Task directions:
A verbatim copy of all the data is required; the pictures should not appear in it.
=== Material provided ===
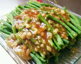 翻炒均匀,汤汁粘稠就可以将蒜蓉汁浇在豇豆上面了
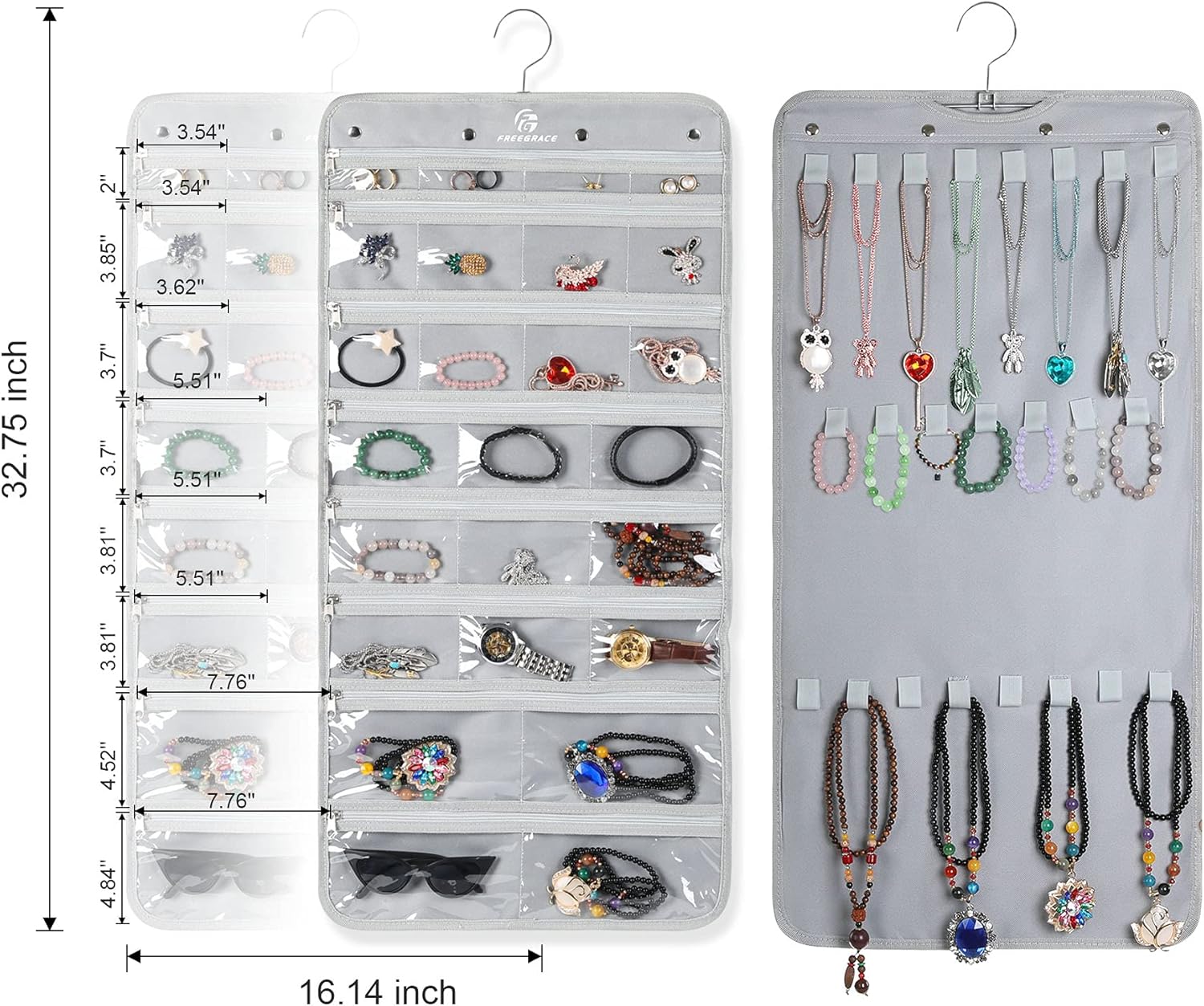 - QUALITY MATERIALS: Freegraceโs sturdy hanging jewelry organizer is made of 600D polyester Oxford fabric and has a PU backing (SIZE: 32.7โโ x 16.5โโ). The pockets are made of transparent PVC to allow you to see through to the stored jewelry, and the zipper and revolving metal hanger are well-made and durable.
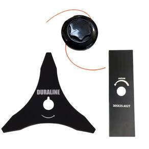 A Faca 3 Pontas da Duraline acompanha um anel de redução, ou seja, pode ser utiizada para roçadeiras de furo 20mm ou 25mm, sendo feita em aço cromo vanádio garante mais segurança, desempenho e durabilidade. As lâminas Duraline são balanceadas, fazendo com que haja menor vibração, corte contínuo e suave, com mais conforto ao operador e mais longevidade para a roçadeira. As lâminas duraline apresentam maior rendimento no trabalho e não precisam ser afiadas antes do uso. A faca 3 pontas pode ser aplicada para diferentes trabalhos, tendo em vista que é e Ideal trabalhos profissionais, podendo cortar em diferentes situações: Terenos com galhos, Mato Alto, Capim Grosso e Capoeira.
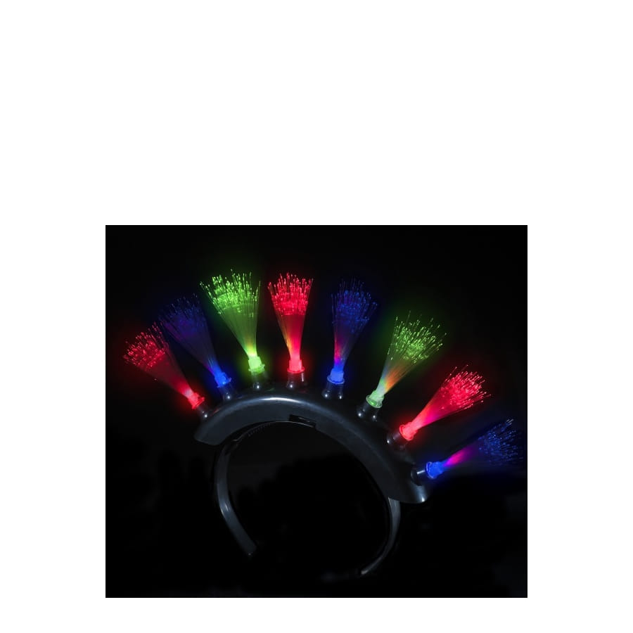 Serre-tête noir, monté de touffes filamentées lumineuses de couleur rouge, bleue et verte, pour homme. Cette coiffe reprend les couleurs de celles d'Indiens d'Amérique. Elle est idéal pour une soirée en boîte de nuit.
===
The answer:
 翻炒均匀,汤汁粘稠就可以将蒜蓉汁浇在豇豆上面了
 - QUALITY MATERIALS: Freegraceโs sturdy hanging jewelry organizer is made of 600D polyester Oxford fabric and has a PU backing (SIZE: 32.7โโ x 16.5โโ). The pockets are made of transparent PVC to allow you to see through to the stored jewelry, and the zipper and revolving metal hanger are well-made and durable.
 A Faca 3 Pontas da Duraline acompanha um anel de redução, ou seja, pode ser utiizada para roçadeiras de furo 20mm ou 25mm, sendo feita em aço cromo vanádio garante mais segurança, desempenho e durabilidade. As lâminas Duraline são balanceadas, fazendo com que haja menor vibração, corte contínuo e suave, com mais conforto ao operador e mais longevidade para a roçadeira. As lâminas duraline apresentam maior rendimento no trabalho e não precisam ser afiadas antes do uso. A faca 3 pontas pode ser aplicada para diferentes trabalhos, tendo em vista que é e Ideal trabalhos profissionais, podendo cortar em diferentes situações: Terenos com galhos, Mato Alto, Capim Grosso e Capoeira.
 Serre-tête noir, monté de touffes filamentées lumineuses de couleur rouge, bleue et verte, pour homme. Cette coiffe reprend les couleurs de celles d'Indiens d'Amérique. Elle est idéal pour une soirée en boîte de nuit.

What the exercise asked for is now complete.